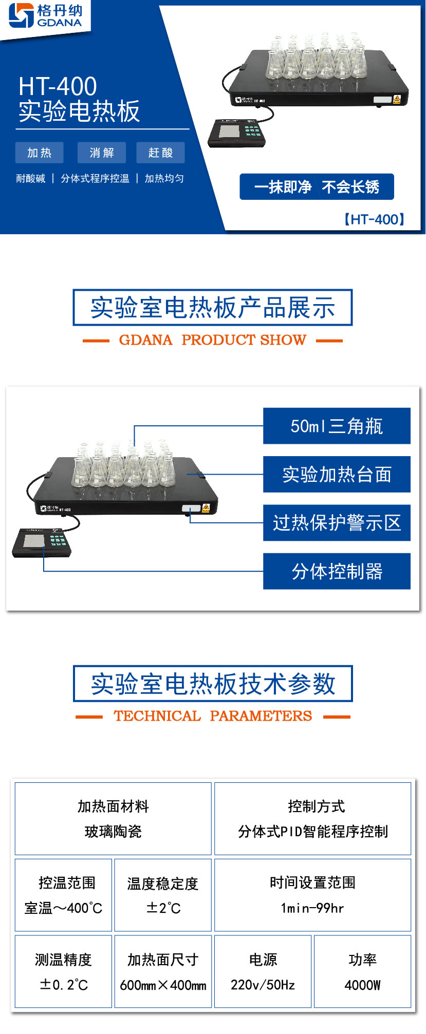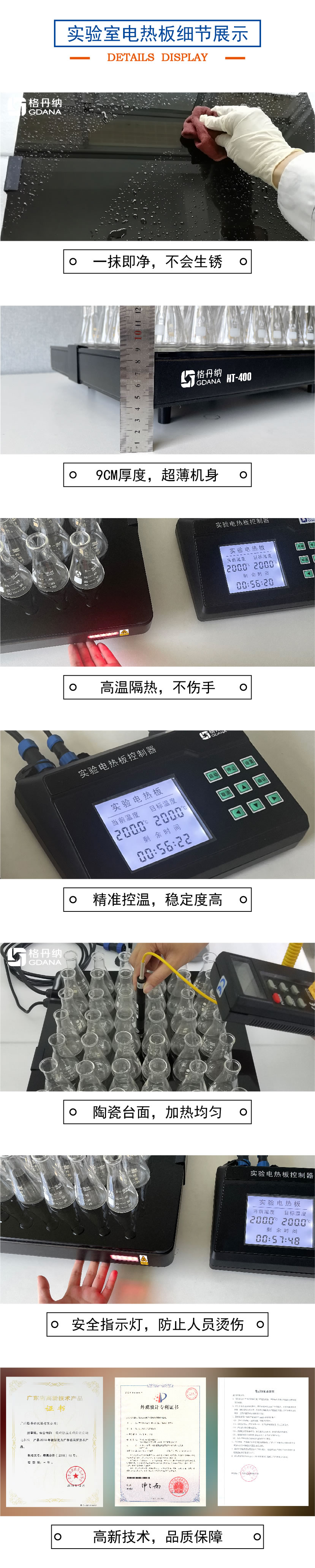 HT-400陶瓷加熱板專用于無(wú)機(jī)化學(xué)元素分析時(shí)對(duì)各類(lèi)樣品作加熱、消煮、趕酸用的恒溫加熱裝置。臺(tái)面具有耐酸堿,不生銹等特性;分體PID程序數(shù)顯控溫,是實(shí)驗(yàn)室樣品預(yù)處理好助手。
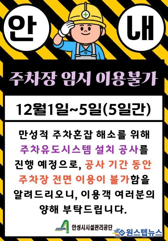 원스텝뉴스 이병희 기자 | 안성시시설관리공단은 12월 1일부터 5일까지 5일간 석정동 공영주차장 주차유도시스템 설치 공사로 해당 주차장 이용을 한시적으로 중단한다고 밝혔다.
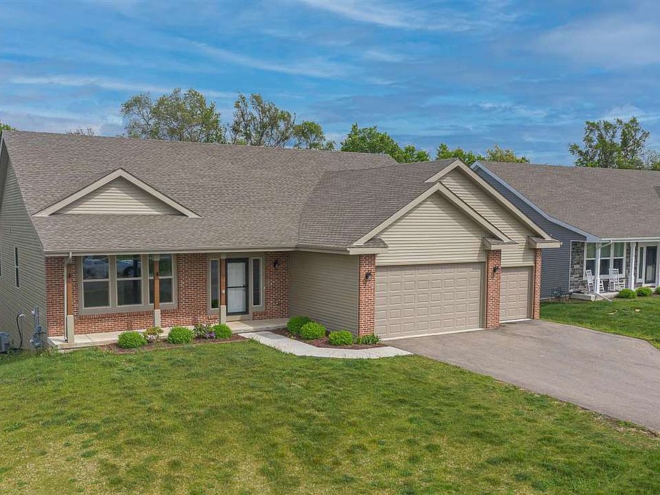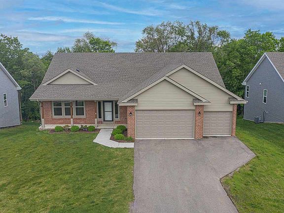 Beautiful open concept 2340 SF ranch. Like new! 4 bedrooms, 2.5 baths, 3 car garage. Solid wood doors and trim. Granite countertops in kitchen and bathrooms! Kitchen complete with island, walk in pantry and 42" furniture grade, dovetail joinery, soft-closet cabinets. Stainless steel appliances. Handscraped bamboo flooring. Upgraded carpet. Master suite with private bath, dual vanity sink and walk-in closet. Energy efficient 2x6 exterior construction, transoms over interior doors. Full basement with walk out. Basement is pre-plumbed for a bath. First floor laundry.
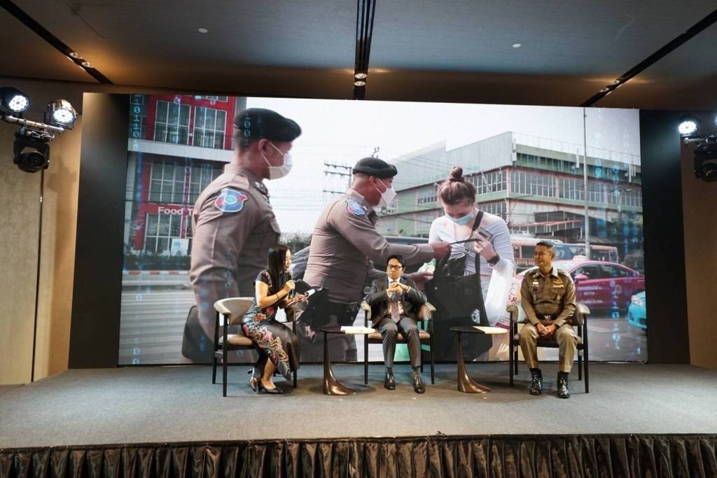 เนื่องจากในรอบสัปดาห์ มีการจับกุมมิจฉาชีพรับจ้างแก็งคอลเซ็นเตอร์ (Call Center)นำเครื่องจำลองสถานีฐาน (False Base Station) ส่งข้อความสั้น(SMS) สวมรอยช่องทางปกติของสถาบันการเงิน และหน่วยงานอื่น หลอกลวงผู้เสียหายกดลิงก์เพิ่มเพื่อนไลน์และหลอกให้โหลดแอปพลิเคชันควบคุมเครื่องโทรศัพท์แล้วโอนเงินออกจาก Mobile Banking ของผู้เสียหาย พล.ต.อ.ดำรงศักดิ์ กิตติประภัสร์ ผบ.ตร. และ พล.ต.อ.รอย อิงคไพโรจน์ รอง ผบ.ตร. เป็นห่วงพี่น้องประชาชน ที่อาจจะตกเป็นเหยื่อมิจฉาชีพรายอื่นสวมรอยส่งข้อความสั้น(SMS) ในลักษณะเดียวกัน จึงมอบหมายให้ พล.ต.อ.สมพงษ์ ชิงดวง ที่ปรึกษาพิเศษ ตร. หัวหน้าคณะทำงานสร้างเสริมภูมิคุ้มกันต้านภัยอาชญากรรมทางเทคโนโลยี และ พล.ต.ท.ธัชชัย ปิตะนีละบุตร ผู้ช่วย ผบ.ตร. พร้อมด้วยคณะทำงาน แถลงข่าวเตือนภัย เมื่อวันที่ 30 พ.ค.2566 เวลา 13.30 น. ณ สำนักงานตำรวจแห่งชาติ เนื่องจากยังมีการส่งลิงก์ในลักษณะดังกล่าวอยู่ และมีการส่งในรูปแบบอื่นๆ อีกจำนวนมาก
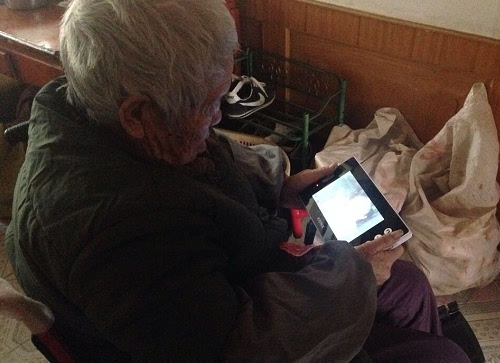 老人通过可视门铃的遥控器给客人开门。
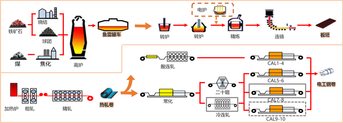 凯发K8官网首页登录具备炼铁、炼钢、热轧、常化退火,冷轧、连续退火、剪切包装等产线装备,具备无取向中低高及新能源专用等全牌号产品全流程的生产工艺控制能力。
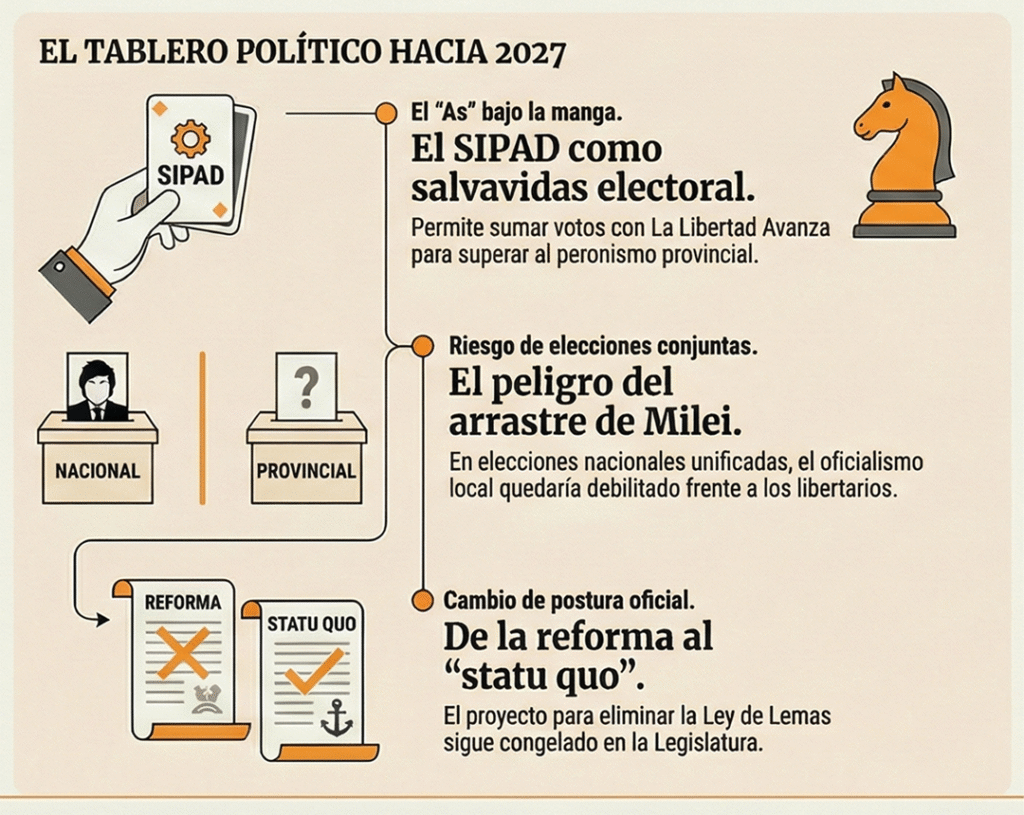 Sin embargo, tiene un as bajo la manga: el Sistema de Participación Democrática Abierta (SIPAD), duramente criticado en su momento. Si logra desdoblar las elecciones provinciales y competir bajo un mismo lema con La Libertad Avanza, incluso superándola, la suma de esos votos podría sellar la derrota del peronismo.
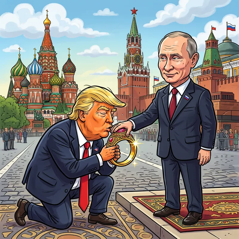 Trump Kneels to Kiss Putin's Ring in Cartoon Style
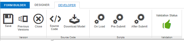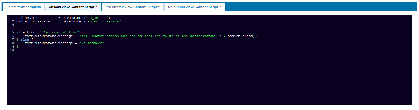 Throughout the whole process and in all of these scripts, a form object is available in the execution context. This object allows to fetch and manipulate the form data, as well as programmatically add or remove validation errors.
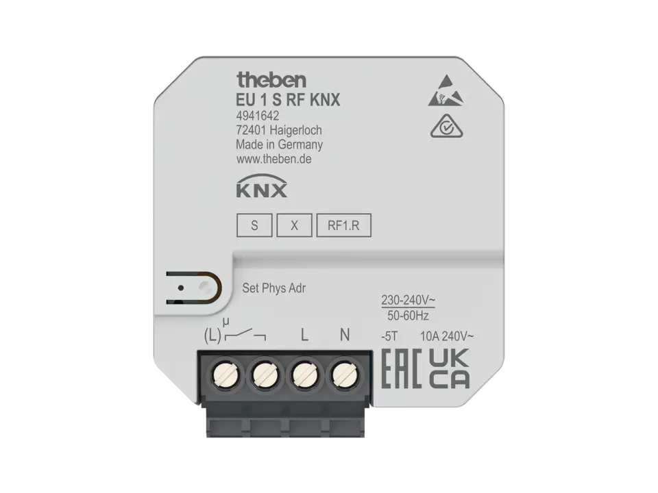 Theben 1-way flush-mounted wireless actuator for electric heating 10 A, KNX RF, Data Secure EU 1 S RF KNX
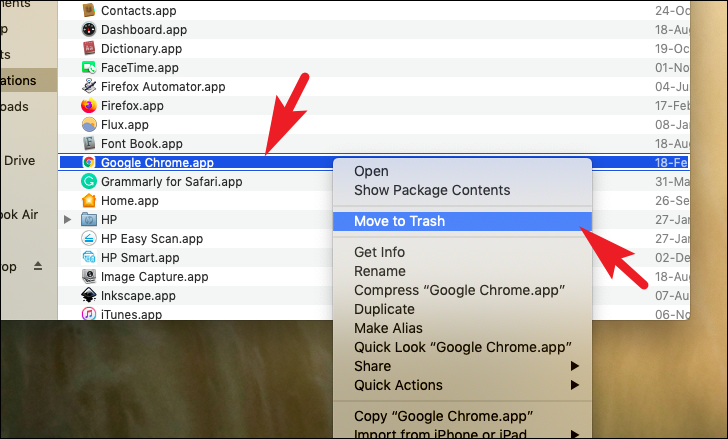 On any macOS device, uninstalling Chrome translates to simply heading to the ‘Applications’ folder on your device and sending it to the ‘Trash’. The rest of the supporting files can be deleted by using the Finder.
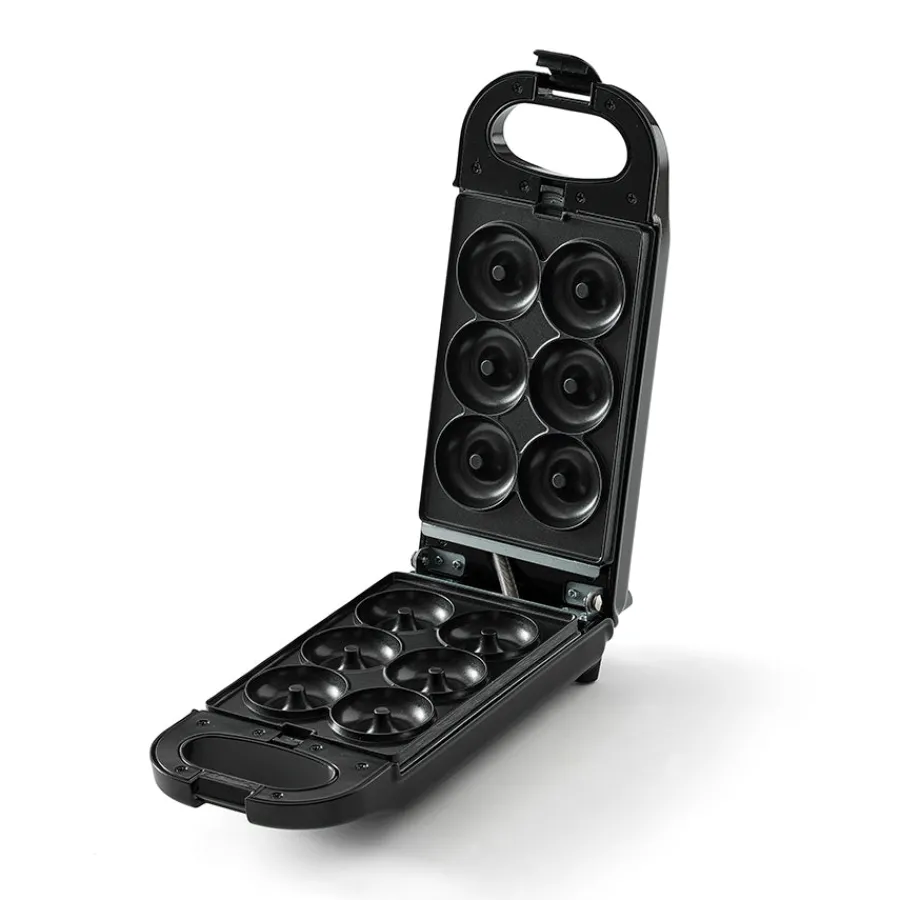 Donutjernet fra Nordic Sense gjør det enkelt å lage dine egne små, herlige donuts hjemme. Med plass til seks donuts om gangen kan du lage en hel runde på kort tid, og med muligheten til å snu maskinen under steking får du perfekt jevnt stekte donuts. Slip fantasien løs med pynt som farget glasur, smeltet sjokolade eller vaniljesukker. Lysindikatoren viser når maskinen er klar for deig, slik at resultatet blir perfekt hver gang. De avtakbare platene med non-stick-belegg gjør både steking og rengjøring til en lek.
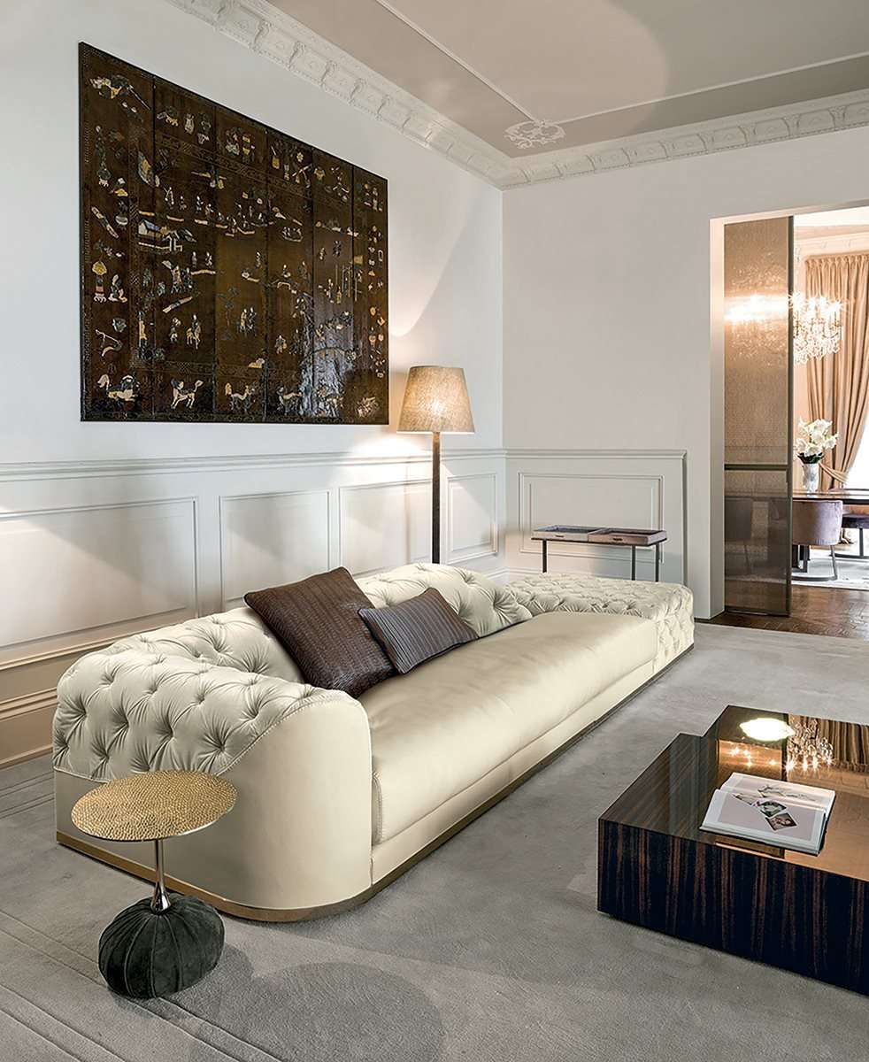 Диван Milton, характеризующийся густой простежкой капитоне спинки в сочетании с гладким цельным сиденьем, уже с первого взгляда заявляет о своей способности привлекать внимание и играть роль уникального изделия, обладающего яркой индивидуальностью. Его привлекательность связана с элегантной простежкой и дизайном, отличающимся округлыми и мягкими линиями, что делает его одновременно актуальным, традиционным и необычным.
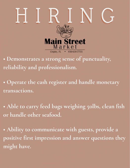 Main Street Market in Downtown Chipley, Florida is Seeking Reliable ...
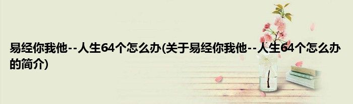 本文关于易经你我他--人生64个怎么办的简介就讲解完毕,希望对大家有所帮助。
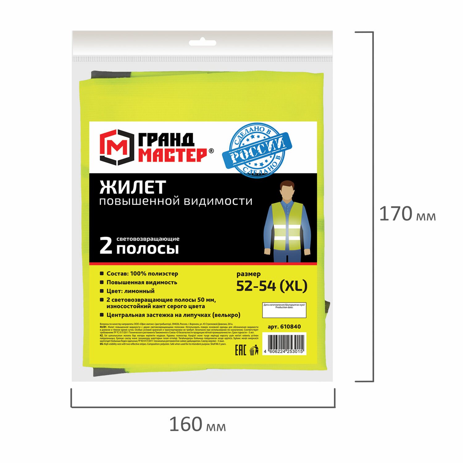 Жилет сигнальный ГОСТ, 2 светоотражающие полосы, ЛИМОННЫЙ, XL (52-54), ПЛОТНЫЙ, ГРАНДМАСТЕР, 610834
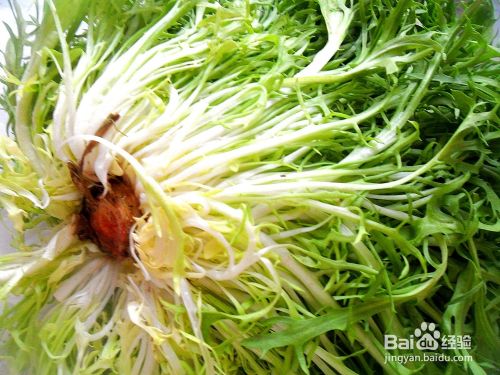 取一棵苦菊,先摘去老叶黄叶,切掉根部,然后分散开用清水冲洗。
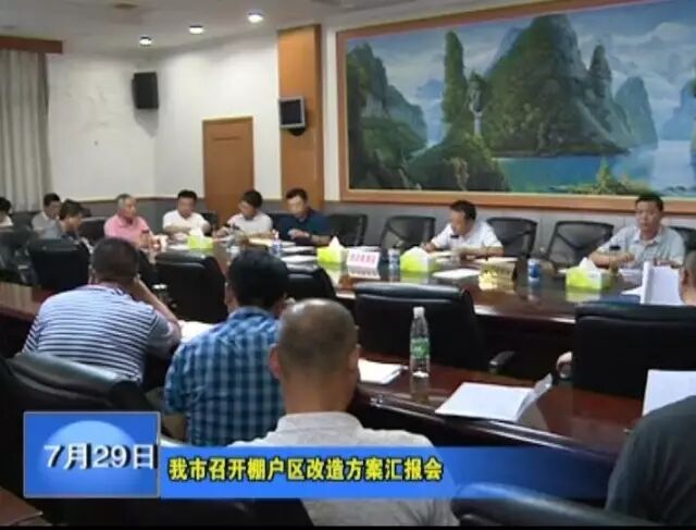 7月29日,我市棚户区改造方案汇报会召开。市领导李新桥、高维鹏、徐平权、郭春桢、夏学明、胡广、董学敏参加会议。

--

**Your goal**
The lines from the one containing "Жилет сигнальный ГОСТ, 2" through the last line above are to be repeated exactly, and only those. Any pictures must be left out.

**Solved problem**
 Жилет сигнальный ГОСТ, 2 светоотражающие полосы, ЛИМОННЫЙ, XL (52-54), ПЛОТНЫЙ, ГРАНДМАСТЕР, 610834
 取一棵苦菊,先摘去老叶黄叶,切掉根部,然后分散开用清水冲洗。
 7月29日,我市棚户区改造方案汇报会召开。市领导李新桥、高维鹏、徐平权、郭春桢、夏学明、胡广、董学敏参加会议。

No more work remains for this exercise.